Dataset items:
★ ★ ★ ★ ★ ★ ★

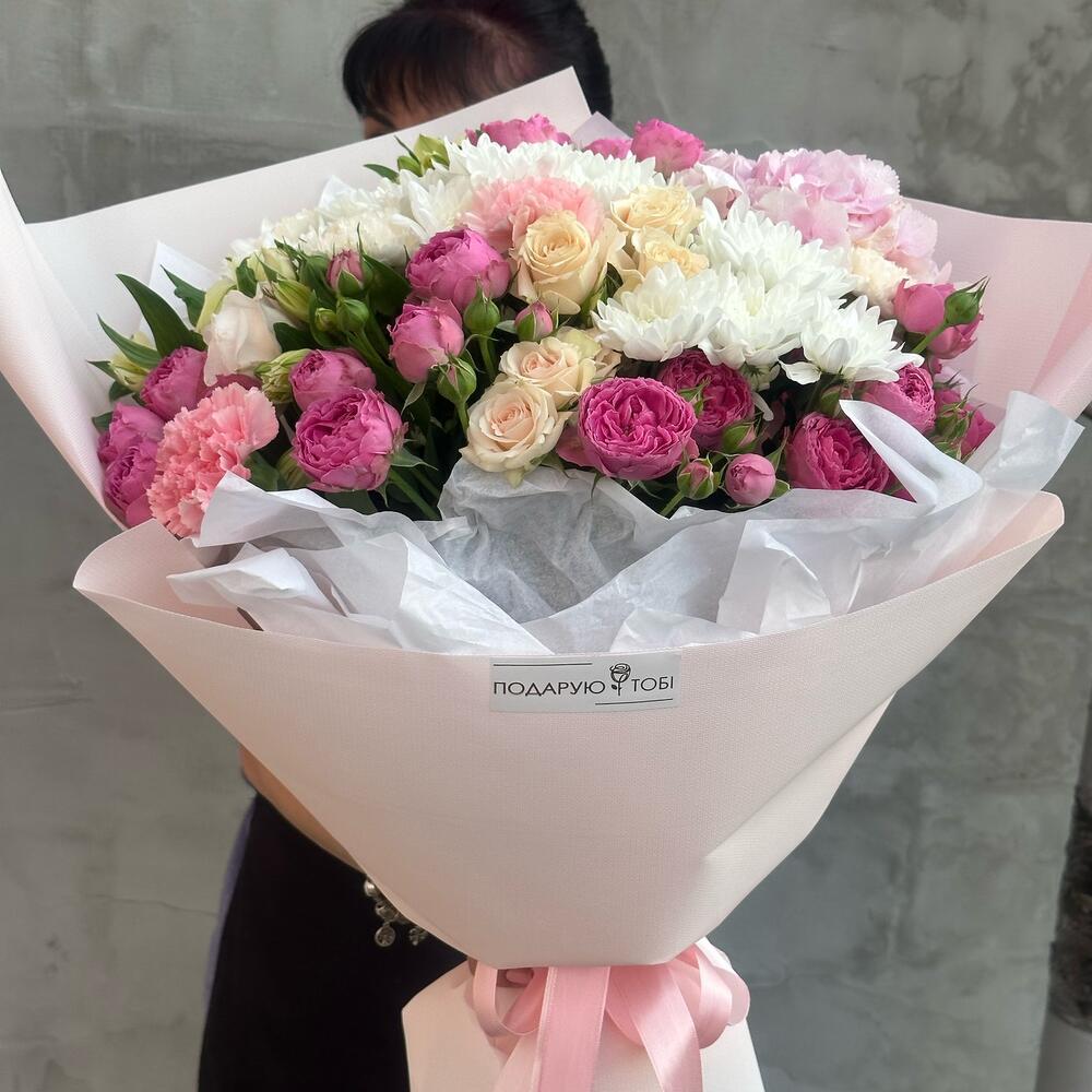 15 кустовых пионовидных роз сильва пинк. Букет 24 KimFlo
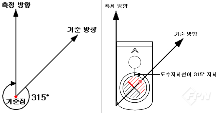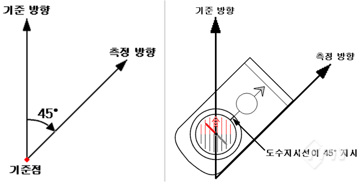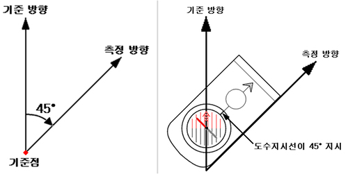 현장에서 나침반으로 방위각을 측정할 땐 적침 방향이 기준 방향이 되므로 북방지시화살표(또는 보조선)가 적침 방향과 같은 방향이 되도록 다이얼을 돌린다.
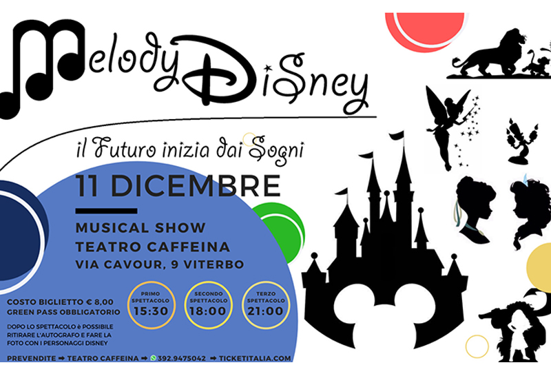 Sabato 11 dicembre presso il Teatro Caffeina di Viterbo con MelodyDisney, il futuro inizia dai sogni. Si tratta dello show, patrocinato dal comune di Viterbo, è studiato e realizzato per regalare un viaggio fatato, emozionante e spensierato per tutta la famiglia. Un appuntamento dedicato a grandi e piccini, a mamme e papà, a nipoti e a nonni di tutte le età.
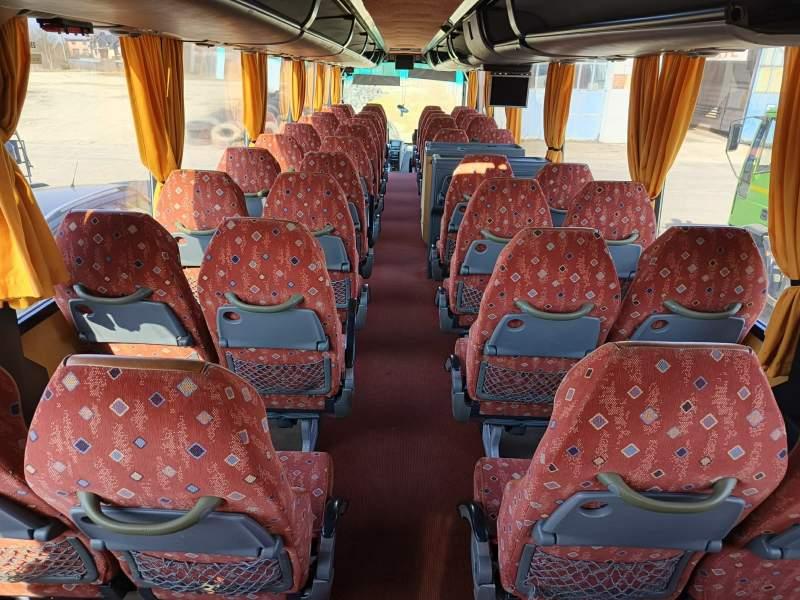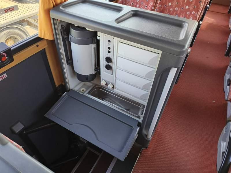 : WC, lodówka, caffebar, kabina sypialna, fotele odchylane, nawiewy dyszowe, siateczki, ABS, ASR, tempomat, retarder, podnóżki, stoliczki, mikrofon, klimatyzacja, radio, regulacja wysokości nadwozia, centralny zamek, wspomaganie kierownicy, elektryczne lusterka, fotele odchylane i rozsuwane, ESP
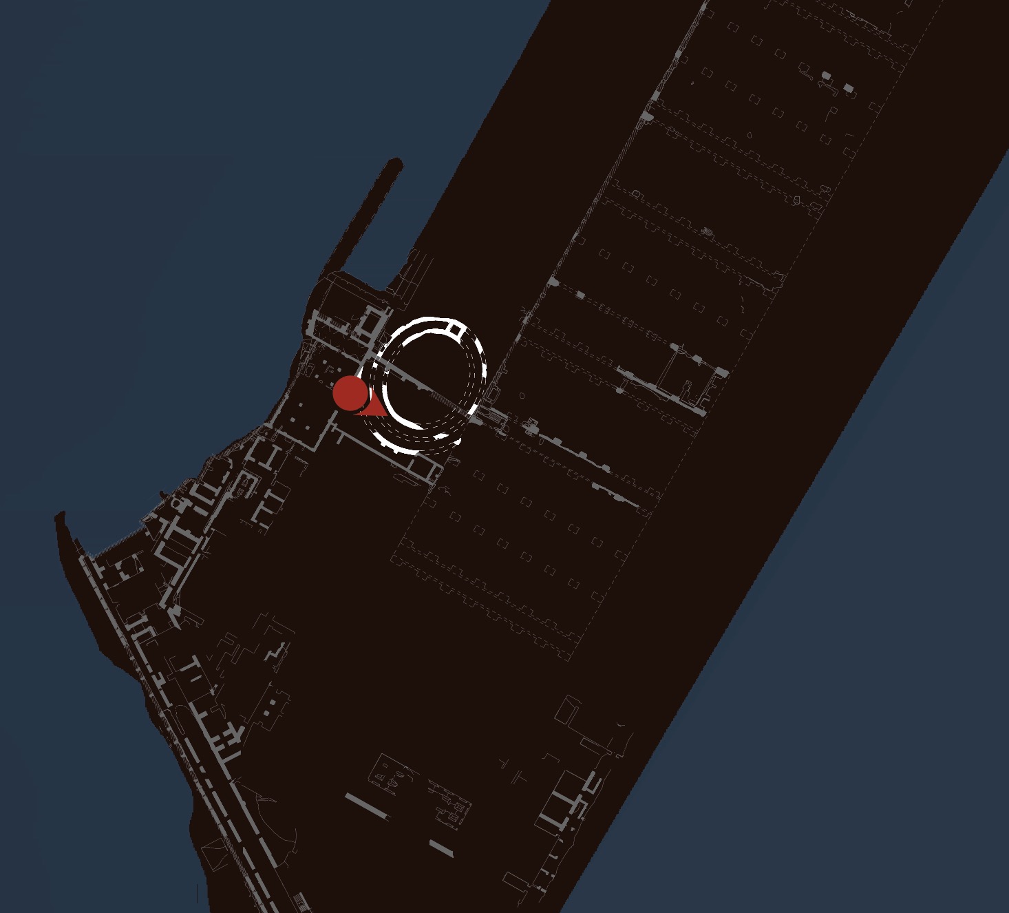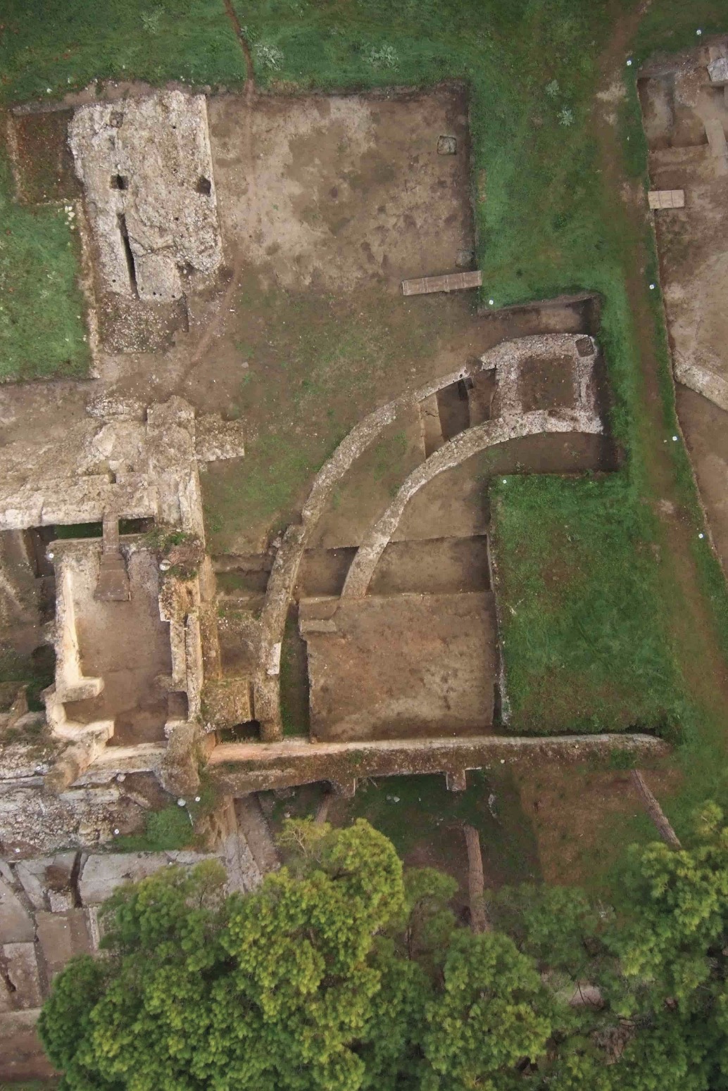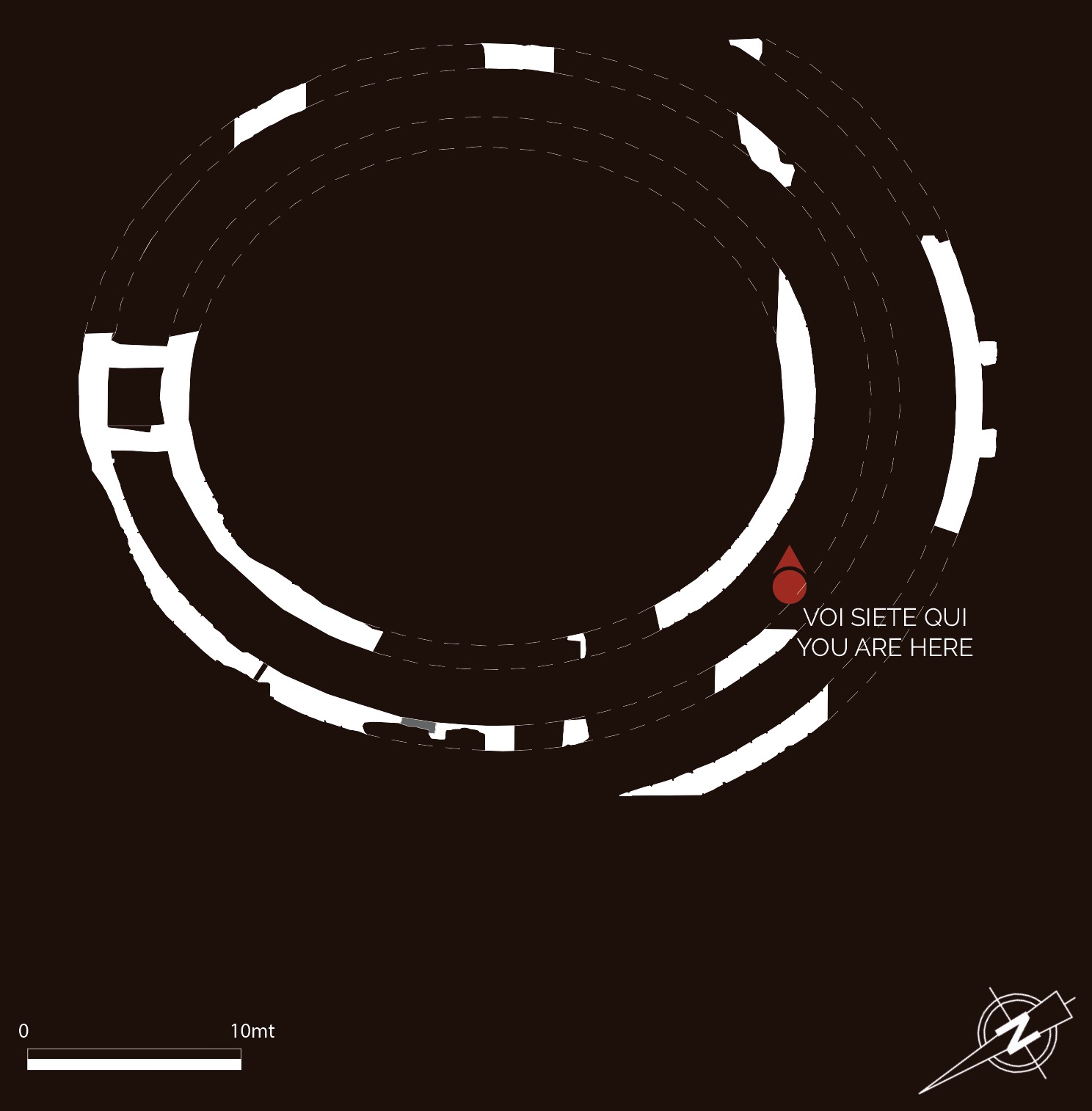 Nello spazio non edificato compreso tra il Palazzo Imperiale e i Navalia, in età severiana (193-235 d.C.) venne realizzato un anfiteatro di ridotte dimensioni, di cui restano due fondazioni concentriche gettate entro casseforma, visibili soprattutto lungo il sentiero moderno; una terza fondazione creava verosimilmente un’esedra. L’edificio, realizzato in opera vittata mista, venne totalmente demolito tra il IV e il V secolo d.C. per far posto a una nuova facciata del Palazzo Imperiale. In seguito l’area su cui sorgeva l’anfiteatro fu attraversata dalle mura tardoantiche, delle quali resta un tratto particolarmente ben conservato e dotato di contrafforti.
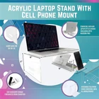 AHANICORN Acrylic Laptop Stand for Desk, Bed, and Coffee Tables with Detachable Phone Stand Compatible with 16 Inch MacBook Pro Product Details Brand: AHANICORN Material: Acrylic Product Dimensions: 10"D x 16"W x 6"H Special Feature: Ergonomic,Ergonomic Design,Portable Style: Detachable,Portable Finish Type: Coffee Assembly Required: No Included Components: Cellphone Holder, Laptop Stand, Storage Bin Item Weight: 4.7 pounds Manufacturer: Doodshop Country of Origin: USA Item model number: AHAAZ100001 Sit, Stand or Lie Down - Multi-use acrylic laptop stand with versatile cellphone holder designed for improving ergonomics while working at desks, coffee tables, standing, and on your bed. Here to There with Ease - With built in handles, an accessory bin, and a detachable cell phone holder, this acrylic laptop riser makes walking over from your desk to your bed with your computer, cellphone, and accessories all at once easy. Lefty and Righty Friendly Design - In addition to being a laptop riser, this stand features a versatile mobile phone bracket that hooks onto either side of the laptop tray and allows for horizontal and vertical orientations. Compatible Up to 16 Inch Laptops - A common complaint was that competing laptop risers were too small for the popular 16 inch Macbook Pro, so we made sure our laptop desk stand is compatible with all laptops up to 16 inches. Our Promise - We are so sure that you will love these acrylic desk accessories that we include a 30-day Risk-Free promise. If you are not fully satisfied with our product, let us know and you will receive a full refund. The Ahanicorn Acrylic Laptop Stand was to make ergonomic laptop use available to you wherever you work, whether at a desk, coffee table, in bed, or standing up. The ergonomic design reduces strain on your neck and eyes, and the notebook riser raises your laptop 6 inches for a better working stylish clear acrylic design with curved corners makes it compatible with any setting, while contributing to safety, style, and sturdiness. Built with handles, you can conveniently transport and store your power source, cellphone, and other accessories with your laptop all at once from room to room all at once. The built-in handles and accessory bin allow you to easily move from desk to coffee table to bed. The ambidextrous mobile phone bracket can be attached to either side of the tray for optimized horizontal experience. The acrylic cellphone stand attachment allows you to hold your phone in portrait or landscape mode, and the phone screen angles upward for more ergonomic stand is specifically compatible with the 16-inch Macbook Pro and any laptop up to 16 inches. The phone stand is compatible with all mobile phones. We're confident you'll love the Ahanicorn Acrylic Laptop Stand. If not, contact us for a full refund within 30 days.

★ ★ ★ ★ ★ ★ ★

_TASK BRIEF_.
Nothing but the pictures is to be left out; repeat the data exactly.

_TASK OUTPUT_.
 15 кустовых пионовидных роз сильва пинк. Букет 24 KimFlo
 현장에서 나침반으로 방위각을 측정할 땐 적침 방향이 기준 방향이 되므로 북방지시화살표(또는 보조선)가 적침 방향과 같은 방향이 되도록 다이얼을 돌린다.
 Sabato 11 dicembre presso il Teatro Caffeina di Viterbo con MelodyDisney, il futuro inizia dai sogni. Si tratta dello show, patrocinato dal comune di Viterbo, è studiato e realizzato per regalare un viaggio fatato, emozionante e spensierato per tutta la famiglia. Un appuntamento dedicato a grandi e piccini, a mamme e papà, a nipoti e a nonni di tutte le età.
 : WC, lodówka, caffebar, kabina sypialna, fotele odchylane, nawiewy dyszowe, siateczki, ABS, ASR, tempomat, retarder, podnóżki, stoliczki, mikrofon, klimatyzacja, radio, regulacja wysokości nadwozia, centralny zamek, wspomaganie kierownicy, elektryczne lusterka, fotele odchylane i rozsuwane, ESP
 Nello spazio non edificato compreso tra il Palazzo Imperiale e i Navalia, in età severiana (193-235 d.C.) venne realizzato un anfiteatro di ridotte dimensioni, di cui restano due fondazioni concentriche gettate entro casseforma, visibili soprattutto lungo il sentiero moderno; una terza fondazione creava verosimilmente un’esedra. L’edificio, realizzato in opera vittata mista, venne totalmente demolito tra il IV e il V secolo d.C. per far posto a una nuova facciata del Palazzo Imperiale. In seguito l’area su cui sorgeva l’anfiteatro fu attraversata dalle mura tardoantiche, delle quali resta un tratto particolarmente ben conservato e dotato di contrafforti.
 AHANICORN Acrylic Laptop Stand for Desk, Bed, and Coffee Tables with Detachable Phone Stand Compatible with 16 Inch MacBook Pro Product Details Brand: AHANICORN Material: Acrylic Product Dimensions: 10"D x 16"W x 6"H Special Feature: Ergonomic,Ergonomic Design,Portable Style: Detachable,Portable Finish Type: Coffee Assembly Required: No Included Components: Cellphone Holder, Laptop Stand, Storage Bin Item Weight: 4.7 pounds Manufacturer: Doodshop Country of Origin: USA Item model number: AHAAZ100001 Sit, Stand or Lie Down - Multi-use acrylic laptop stand with versatile cellphone holder designed for improving ergonomics while working at desks, coffee tables, standing, and on your bed. Here to There with Ease - With built in handles, an accessory bin, and a detachable cell phone holder, this acrylic laptop riser makes walking over from your desk to your bed with your computer, cellphone, and accessories all at once easy. Lefty and Righty Friendly Design - In addition to being a laptop riser, this stand features a versatile mobile phone bracket that hooks onto either side of the laptop tray and allows for horizontal and vertical orientations. Compatible Up to 16 Inch Laptops - A common complaint was that competing laptop risers were too small for the popular 16 inch Macbook Pro, so we made sure our laptop desk stand is compatible with all laptops up to 16 inches. Our Promise - We are so sure that you will love these acrylic desk accessories that we include a 30-day Risk-Free promise. If you are not fully satisfied with our product, let us know and you will receive a full refund. The Ahanicorn Acrylic Laptop Stand was to make ergonomic laptop use available to you wherever you work, whether at a desk, coffee table, in bed, or standing up. The ergonomic design reduces strain on your neck and eyes, and the notebook riser raises your laptop 6 inches for a better working stylish clear acrylic design with curved corners makes it compatible with any setting, while contributing to safety, style, and sturdiness. Built with handles, you can conveniently transport and store your power source, cellphone, and other accessories with your laptop all at once from room to room all at once. The built-in handles and accessory bin allow you to easily move from desk to coffee table to bed. The ambidextrous mobile phone bracket can be attached to either side of the tray for optimized horizontal experience. The acrylic cellphone stand attachment allows you to hold your phone in portrait or landscape mode, and the phone screen angles upward for more ergonomic stand is specifically compatible with the 16-inch Macbook Pro and any laptop up to 16 inches. The phone stand is compatible with all mobile phones. We're confident you'll love the Ahanicorn Acrylic Laptop Stand. If not, contact us for a full refund within 30 days.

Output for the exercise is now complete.